Idéalement, au niveau mondial, tous les pays seraient incités à appliquer un prix du carbone pour ainsi éviter l’apparition de telles barrières commerciales.
Pour éviter un choc négatif du côté de l’offre, qu’il soit dû à une contraction du stock de capital ou à des barrières commerciales, il faut agir sur plusieurs fronts. Côté financement, l’idée d’un spread carbone, contribuant à orienter les flux de capitaux vers les nouveaux investissements, fait partie intégrante de la littérature.

Il convient également de noter qu’à mesure que les entreprises s’engagent à réduire leurs émissions, nombre d’entre elles adoptent des prix internes du CO2 avec des effets similaires, qu’il s’agisse d’éliminer le stock de capital non conforme ou de rendre les chaînes d’approvisionnement plus écologiques.
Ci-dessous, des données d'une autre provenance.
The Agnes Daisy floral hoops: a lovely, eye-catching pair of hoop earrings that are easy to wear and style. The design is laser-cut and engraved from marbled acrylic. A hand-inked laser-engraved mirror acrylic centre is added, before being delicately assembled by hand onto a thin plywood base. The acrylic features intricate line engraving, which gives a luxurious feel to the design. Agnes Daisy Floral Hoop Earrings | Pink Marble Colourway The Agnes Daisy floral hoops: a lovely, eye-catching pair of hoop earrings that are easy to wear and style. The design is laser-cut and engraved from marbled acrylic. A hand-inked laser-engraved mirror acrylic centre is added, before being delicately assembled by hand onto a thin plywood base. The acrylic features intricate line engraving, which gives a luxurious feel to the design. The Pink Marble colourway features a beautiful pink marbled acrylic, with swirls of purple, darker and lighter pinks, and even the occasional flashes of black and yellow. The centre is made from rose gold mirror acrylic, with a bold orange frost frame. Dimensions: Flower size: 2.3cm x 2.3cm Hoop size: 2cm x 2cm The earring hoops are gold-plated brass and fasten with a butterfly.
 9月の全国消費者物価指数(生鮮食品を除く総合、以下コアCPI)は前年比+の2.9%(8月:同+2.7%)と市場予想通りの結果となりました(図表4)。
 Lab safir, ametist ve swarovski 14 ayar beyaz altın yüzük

Les entreprises qui ne le font pas risquent d’être isolées des chaînes d’approvisionnement, des financements et, en bout de chaîne, des clients finaux.
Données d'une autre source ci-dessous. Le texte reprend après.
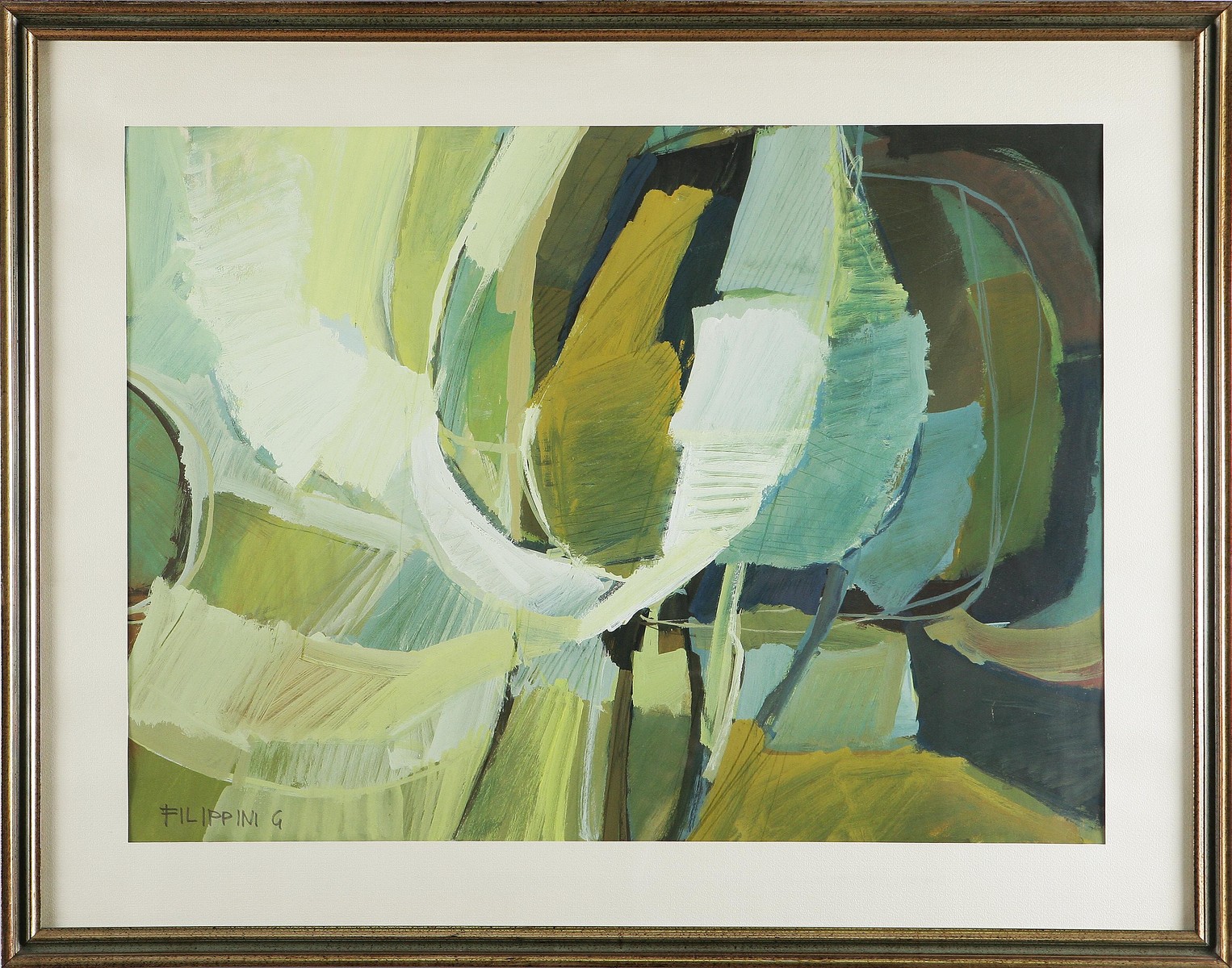 FILIPPINI GENESIO Paesaggio. 1977. Olio su carta. Cm 65x55. Firma e data in...

Ces mécanismes de marché liés à la tarification du carbone fonctionneront certainement, mais plusieurs problèmes se posent et nécessitent une action politique déterminée. En tête de liste figure la crainte que le prix du CO2 ne frappe plus durement les ménages à faibles revenus. En outre, si de nouveaux emplois sont amenés à être créés dans les nouveaux secteurs décarbonés, d’autres seront perdus, les travailleurs peu qualifiés étant les plus touchés. Par ailleurs, les mécanismes de marché sans autre instrument incitatif feront face à des frictions. Par exemple, la motivation des propriétaires à isoler un immeuble pour permettre à leurs locataires d’économiser sur la facture énergétique. Ensuite, il y a le défi de financer suffisamment la recherche et développement pour faire progresser les nouvelles technologies et s’assurer que celles-ci peuvent être largement adoptées. Et enfin, il y a les défis liés aux chocs de prix relatifs que la décarbonisation va inévitablement entraîner.

Il existe aussi un risque important de voir apparaître une fracture verte entre les économies avancées et émergentes. Cette fracture pourrait devenir une source de tensions géopolitiques et entraîner d’importants flux migratoires.
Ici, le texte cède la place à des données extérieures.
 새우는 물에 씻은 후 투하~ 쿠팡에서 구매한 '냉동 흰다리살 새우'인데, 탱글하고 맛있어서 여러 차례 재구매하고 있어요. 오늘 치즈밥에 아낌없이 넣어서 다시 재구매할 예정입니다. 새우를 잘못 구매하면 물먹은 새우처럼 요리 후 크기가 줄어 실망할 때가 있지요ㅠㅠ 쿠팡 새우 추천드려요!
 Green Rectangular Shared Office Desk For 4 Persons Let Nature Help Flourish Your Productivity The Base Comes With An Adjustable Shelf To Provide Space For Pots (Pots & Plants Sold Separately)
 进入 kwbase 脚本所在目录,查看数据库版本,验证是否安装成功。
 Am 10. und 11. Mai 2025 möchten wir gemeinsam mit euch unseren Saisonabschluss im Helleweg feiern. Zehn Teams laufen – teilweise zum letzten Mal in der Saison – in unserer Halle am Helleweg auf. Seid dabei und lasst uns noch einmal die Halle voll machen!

Plus on accélère le réglage des prix du carbone, plus ces défis seront importants. A l’inverse, aller trop lentement risque non seulement d’entraîner une transition énergétique plus désordonnée plus tard, mais aussi de causer des dommages irréversibles à l’environnement.

Les transferts et les investissements publics sont une réponse évidente à bon nombre de ces défis, mais même si les revenus issus de la taxation du CO2 peuvent être redistribués, cela pourrait ne pas suffire à empêcher les finances publiques de subir une pression importante compte tenu des nombreux défis énumérés, et notamment dans les économies émergentes. En outre, l’hypothèse selon laquelle le coût du financement public restera éternellement bas, même dans les économies avancées, est loin d’être certaine.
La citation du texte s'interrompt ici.